Other problems facing universities in the region included lack of research and publication, challenges of accessibility and quality, and low levels of student and scientific mobility and innovation – although Djeflat pointed out that the situation differs greatly across countries.

“In big countries – Algeria, Morocco, Egypt for example – the high numbers of registered students are constantly bringing the quality of the training down in spite of the efforts made by governments to keep up in terms of infrastructures and funding,” Djeflat added.

Sadallah Boubaker-Khaled, a professor of mathematics at École Normale Supérieure in Algiers, emphasised that point: “We have almost 1.5 million students in Algeria but not enough labs and teaching rooms along with university staff to deal with them.

“Thus, implementation of reform plans ended up with extremely bad results,” Boubaker-Khaled told University World News.

Ahlam Saleh Bin Braik, an associate professor of community medicine at Hadhramout University in Yemen, said universities there offered poor quality programmes with weak assessment.

There were equity problems, with students from poor backgrounds unable to access higher education. Further, most universities were not accredited and academics were not well trained to conduct research, which had no clear budget.

Ala-Eddin Al Moustafa, a researcher in Syria’s Cancer Research Centre, told University World News that political instability and low investment in research were major problems facing universities in Syria and across the Middle East.

According to Abdelkader Djeflat, in some universities the language issue had not been resolved. “Students are taught in Arabic, but most documents are in French or English.” Workplaces, and postgraduate research, mostly used French.

“This linguistic mismatch creates problems.”

Reforms needed

Extensive efforts were needed to implement higher education reforms in MENA countries and universities, said Egypt’s Manar Sabry.

The employability problem should be addressed by improving the quality of education and critical thinking, and allowing students and faculty to explore new ideas.

“It is important to promote problem-solving skills, which in turn can help in improving many issues related to the development and stability of any country.” Entrepreneurship and innovation needed to be promoted in higher education.

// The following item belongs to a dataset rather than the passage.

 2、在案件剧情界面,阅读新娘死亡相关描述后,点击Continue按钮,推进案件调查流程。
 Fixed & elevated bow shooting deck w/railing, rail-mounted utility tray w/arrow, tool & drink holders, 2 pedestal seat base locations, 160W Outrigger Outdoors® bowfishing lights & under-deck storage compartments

“Governments in the region must allow a higher level of autonomy and stop the threats of punishing or even arresting professors and students. We need to limit political involvement in decisions about curricula, research, events and the hiring process. These decisions need to be made by qualified professionals,” Sabry argued.

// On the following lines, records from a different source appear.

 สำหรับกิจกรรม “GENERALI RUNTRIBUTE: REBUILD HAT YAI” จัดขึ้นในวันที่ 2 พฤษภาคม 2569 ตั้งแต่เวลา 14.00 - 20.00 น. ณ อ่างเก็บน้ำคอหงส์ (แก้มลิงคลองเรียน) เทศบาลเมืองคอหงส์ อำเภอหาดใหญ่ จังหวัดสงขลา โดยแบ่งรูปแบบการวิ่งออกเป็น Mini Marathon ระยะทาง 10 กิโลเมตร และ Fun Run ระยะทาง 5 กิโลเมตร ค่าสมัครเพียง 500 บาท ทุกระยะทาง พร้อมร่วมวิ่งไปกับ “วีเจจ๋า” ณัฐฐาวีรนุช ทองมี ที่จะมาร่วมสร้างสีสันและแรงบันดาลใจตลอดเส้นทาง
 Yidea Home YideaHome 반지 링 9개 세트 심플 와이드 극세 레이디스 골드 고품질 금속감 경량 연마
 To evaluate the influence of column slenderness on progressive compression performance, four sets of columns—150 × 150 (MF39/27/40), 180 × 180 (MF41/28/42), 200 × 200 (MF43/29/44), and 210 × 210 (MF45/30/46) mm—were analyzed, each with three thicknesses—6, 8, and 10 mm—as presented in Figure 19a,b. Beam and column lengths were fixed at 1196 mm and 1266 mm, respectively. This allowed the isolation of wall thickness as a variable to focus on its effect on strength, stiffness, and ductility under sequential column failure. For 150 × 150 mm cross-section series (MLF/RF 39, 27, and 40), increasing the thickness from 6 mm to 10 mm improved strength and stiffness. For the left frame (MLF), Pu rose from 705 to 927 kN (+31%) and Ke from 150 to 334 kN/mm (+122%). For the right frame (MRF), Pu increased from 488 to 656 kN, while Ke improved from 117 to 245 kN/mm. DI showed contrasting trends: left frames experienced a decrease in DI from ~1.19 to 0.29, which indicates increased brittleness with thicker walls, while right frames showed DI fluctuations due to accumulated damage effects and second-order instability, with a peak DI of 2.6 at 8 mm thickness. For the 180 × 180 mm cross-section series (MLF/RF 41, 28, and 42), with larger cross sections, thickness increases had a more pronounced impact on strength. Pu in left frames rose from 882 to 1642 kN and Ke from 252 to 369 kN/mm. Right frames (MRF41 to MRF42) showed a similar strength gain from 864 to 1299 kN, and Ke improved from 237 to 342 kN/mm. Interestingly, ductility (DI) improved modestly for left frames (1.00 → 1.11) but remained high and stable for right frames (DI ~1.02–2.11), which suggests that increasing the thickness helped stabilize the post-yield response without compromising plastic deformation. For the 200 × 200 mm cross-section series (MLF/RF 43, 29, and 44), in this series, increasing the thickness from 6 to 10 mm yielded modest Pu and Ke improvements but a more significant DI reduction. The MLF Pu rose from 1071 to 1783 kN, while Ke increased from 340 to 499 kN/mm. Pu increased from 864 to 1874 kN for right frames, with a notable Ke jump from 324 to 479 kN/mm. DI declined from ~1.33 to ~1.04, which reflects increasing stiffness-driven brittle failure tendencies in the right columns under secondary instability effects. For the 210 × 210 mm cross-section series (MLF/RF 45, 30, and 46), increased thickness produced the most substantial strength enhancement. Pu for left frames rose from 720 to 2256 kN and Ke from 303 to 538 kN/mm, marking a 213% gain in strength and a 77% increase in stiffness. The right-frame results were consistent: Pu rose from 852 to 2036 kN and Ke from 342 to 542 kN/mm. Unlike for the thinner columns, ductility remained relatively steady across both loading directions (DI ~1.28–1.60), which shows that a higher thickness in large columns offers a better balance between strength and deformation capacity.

Djeflat said the use of ICT should be intensified at all levels in administration, teaching and research. Sandwich courses allowing students to spend time in the workplace were needed, along with systems to evaluate lecturers and encourage them to update their knowledge.

Further, private universities should be under tight supervision and be allowed to flourish to create competition, and grants and financial support should be provided to students who could not otherwise afford to access private institutions.

The way forward

During 2014, Sabry argued, countries “should focus on bringing stability to university campuses by allowing students and professors to voice their opinions through legitimate channels and enabling universities to [fulfil] their roles as the main source of innovation and human development.

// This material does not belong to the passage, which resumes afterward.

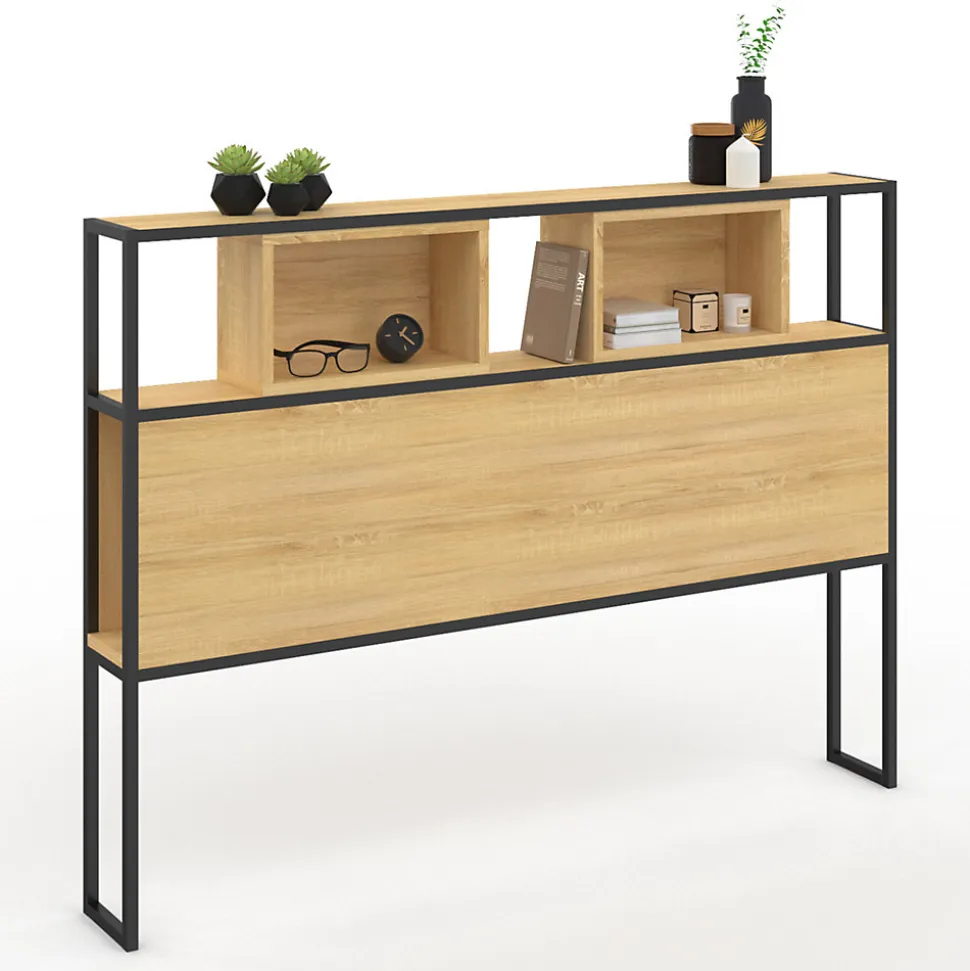 Simple et moderne, avec son design sobre et épuré, la tête de lit DETROIT s’intégrera parfaitement à votre chambre à coucher !Le contraste esthétique entre la couleur bois de la structure et le coloris noir du métal habillera joliment votre lit avec élégance et modernité.Astucieuses et fonctionnelles, ses niches supérieures et latérales vous permettront d’organiser le rangement de vos affaires personnelles pour une chambre dégagée et zen en toutes circonstances. Pratiques et déco, rangez-y votre montre, livre de chevet, réveil, pilulier, produits de nuit, sans avoir à vous relever !Stables et robustes, ses pieds contemporains en métal noir lui confèrent une allure brute esprit factory. Compatible avec les lits 160 cm, cette tête de lit ne nécessite pas de fixation murale et peut donc être installée partout et facilement, un atout supplémentaire pour cette tête de lit au style unique !Conçus pour apporter une touche de modernité aux petits comme aux plus grands espaces.Dimensions de la tête de lit DETROIT- Dimensions totales hors tout : Longueur 163 CM x largeur 18 CM x Hauteur 120 CM- Dimensions des 2 niches supérieurs : Longueur 37 x Profondeur 18 x Hauteur 24.5 CM- Dimensions des niches latérales : Longueur 16 x Profondeur 25 x Hauteur 41 CM- Hauteur par rapport au sol : 45 CMRetrouvez également le format pour lit 140 CM ainsi que l’ensemble de notre collection industrielle sur notre boutique en ligne.
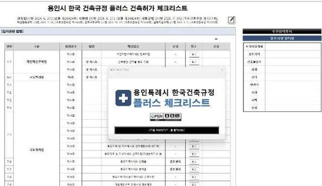 [와이뉴스] 용인특례시는 건축허가 신청 시 필요한 항목만 검토해 제출할 수 있도록 ‘용인시 한국건축규정 플러스 체크리스트’ 프로그램을 자체 제작했다고 1일 밝혔다.

“The MENA region must move to an aggressive agenda of reform more like a real revolution in the education system in order to accumulate serious improvements and to guarantee high quality education in order for graduates to compete in the job market.” Universities needed to be enabled to operate more soundly and effectively.

According to Djeflat: “There is a need to take politics out of universities, which should remain sanctuaries of knowledge diffusion and research only. Total academic freedom should be given to universities to be innovative and to respond adequately to the economic and social needs of their countries and their populations.

“Universities should not be looked at as a separate entity but as part of larger system of innovation and knowledge diffusion. They should become a spearhead to fully penetrate the knowledge economy.”